Your goal: Look through the listing below for the line containing "IPv6ファイアウォール機能を無効にしたときの確認画面です。". Copy it and each line after it up to and including the line containing "However, this underappreciates", exactly, leaving out pictures.

Exercise input:
● ● ● ● ●
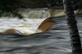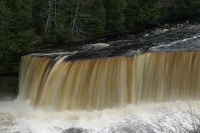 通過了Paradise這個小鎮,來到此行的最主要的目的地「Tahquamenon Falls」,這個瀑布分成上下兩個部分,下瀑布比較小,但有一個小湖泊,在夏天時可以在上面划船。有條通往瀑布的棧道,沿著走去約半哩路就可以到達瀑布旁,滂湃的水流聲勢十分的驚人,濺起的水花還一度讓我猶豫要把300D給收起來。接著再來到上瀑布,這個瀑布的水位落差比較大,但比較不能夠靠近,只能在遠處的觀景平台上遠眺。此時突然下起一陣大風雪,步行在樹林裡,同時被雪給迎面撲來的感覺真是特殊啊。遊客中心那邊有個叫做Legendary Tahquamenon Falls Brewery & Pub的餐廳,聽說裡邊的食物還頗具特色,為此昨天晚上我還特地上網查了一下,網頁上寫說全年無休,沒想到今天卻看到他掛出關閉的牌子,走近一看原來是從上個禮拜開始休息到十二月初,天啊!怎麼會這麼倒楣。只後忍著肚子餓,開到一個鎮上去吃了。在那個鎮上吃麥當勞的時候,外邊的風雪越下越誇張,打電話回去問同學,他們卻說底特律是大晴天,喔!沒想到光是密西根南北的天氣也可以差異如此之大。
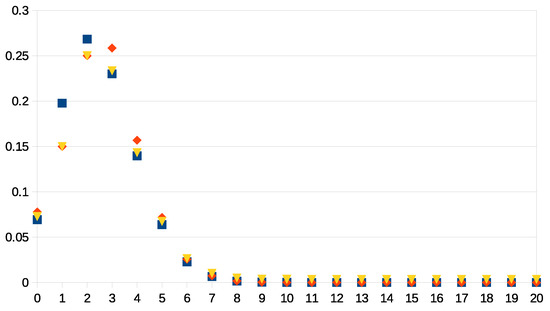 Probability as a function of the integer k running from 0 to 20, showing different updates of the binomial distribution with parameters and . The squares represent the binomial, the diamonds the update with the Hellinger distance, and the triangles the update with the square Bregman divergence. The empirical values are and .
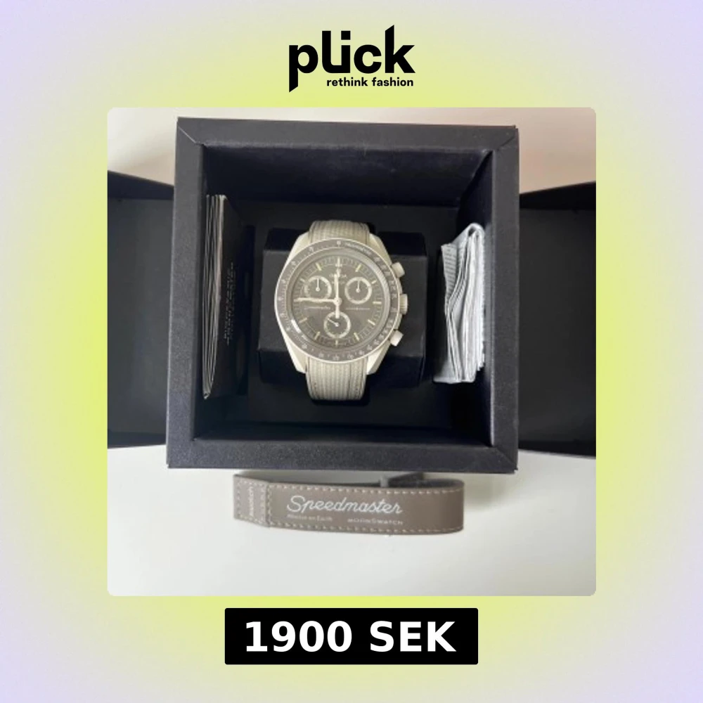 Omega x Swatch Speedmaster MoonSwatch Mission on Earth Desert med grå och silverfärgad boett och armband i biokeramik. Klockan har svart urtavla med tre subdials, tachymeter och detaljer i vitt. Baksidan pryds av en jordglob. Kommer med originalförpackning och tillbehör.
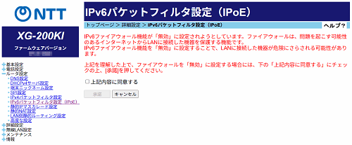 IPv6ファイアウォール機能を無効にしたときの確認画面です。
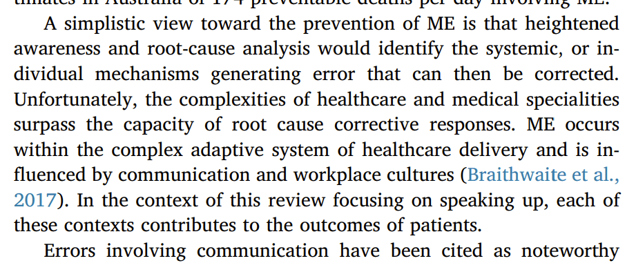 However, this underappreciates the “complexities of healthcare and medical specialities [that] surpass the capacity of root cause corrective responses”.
● ● ● ● ●
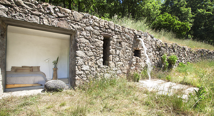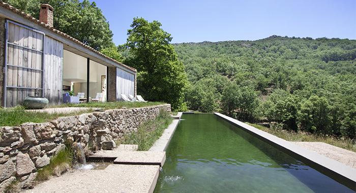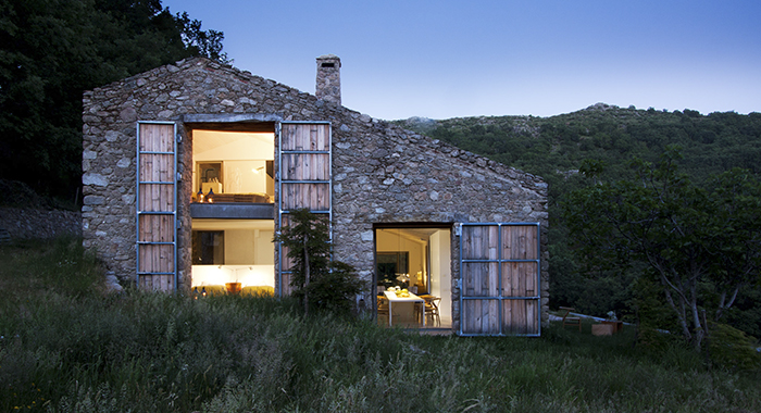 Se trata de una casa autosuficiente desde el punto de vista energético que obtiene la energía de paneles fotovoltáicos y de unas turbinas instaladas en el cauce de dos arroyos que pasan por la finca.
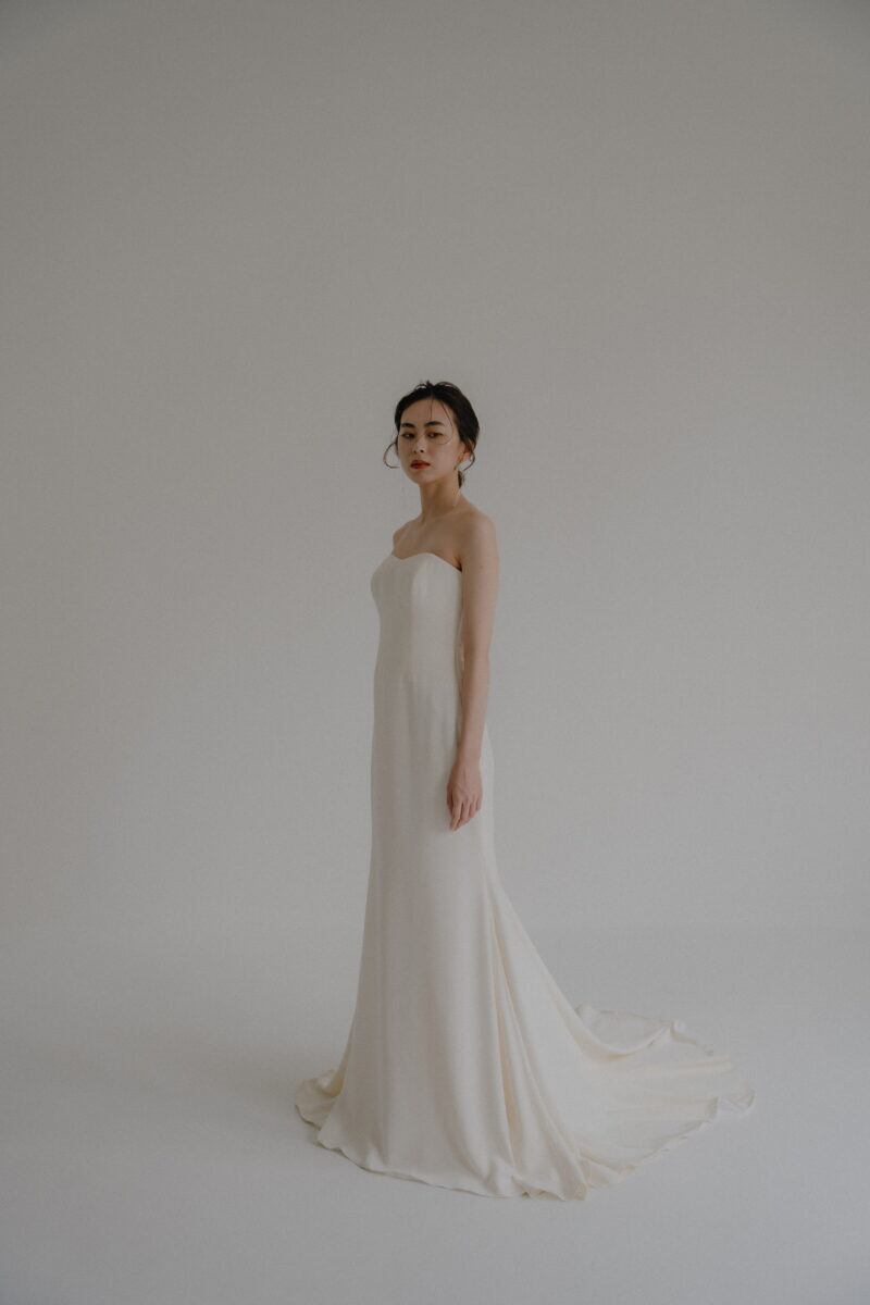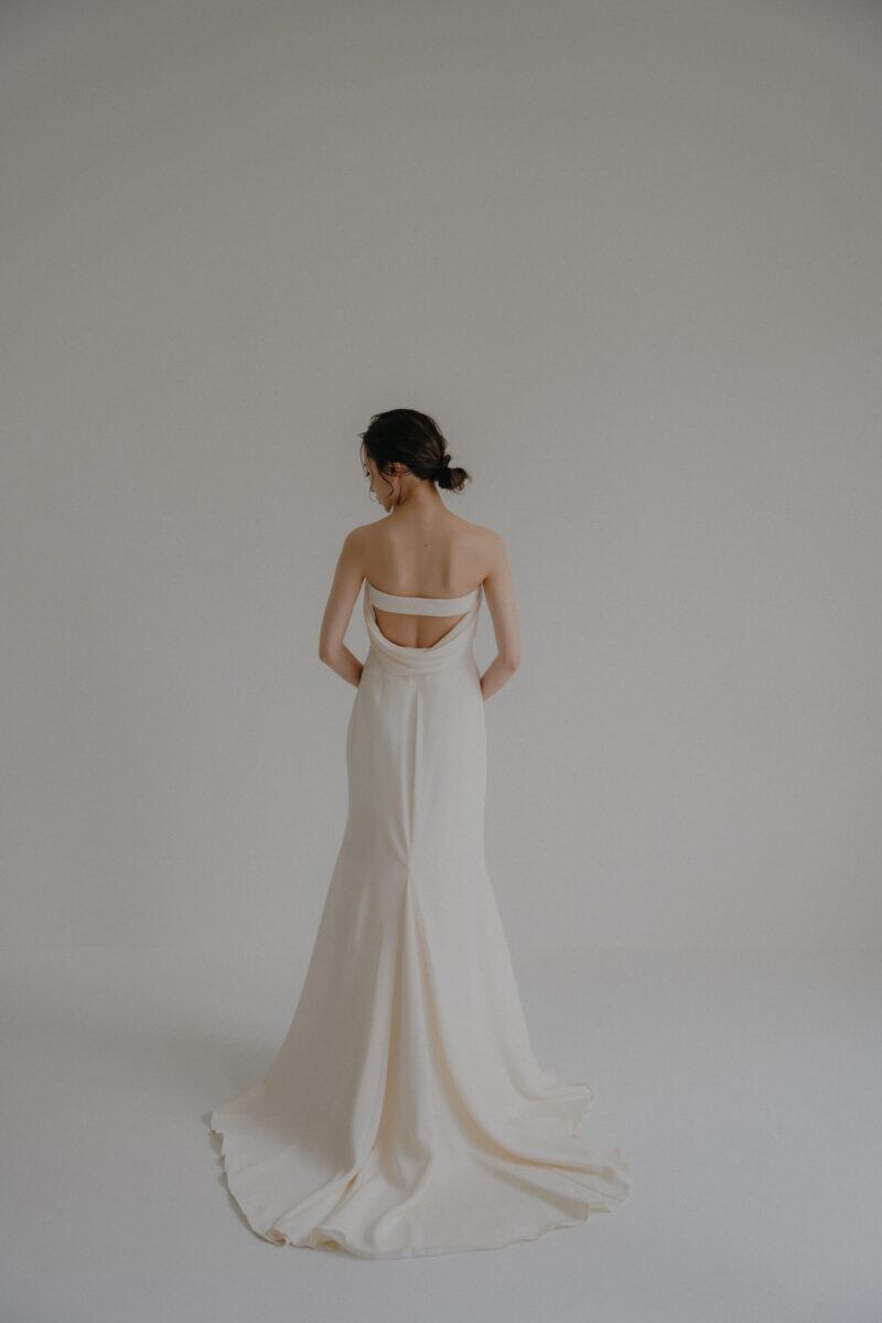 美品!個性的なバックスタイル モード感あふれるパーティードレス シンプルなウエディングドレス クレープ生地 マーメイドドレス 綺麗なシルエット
● ● ● ● ●
Exercise solution:
 IPv6ファイアウォール機能を無効にしたときの確認画面です。
 However, this underappreciates the “complexities of healthcare and medical specialities [that] surpass the capacity of root cause corrective responses”.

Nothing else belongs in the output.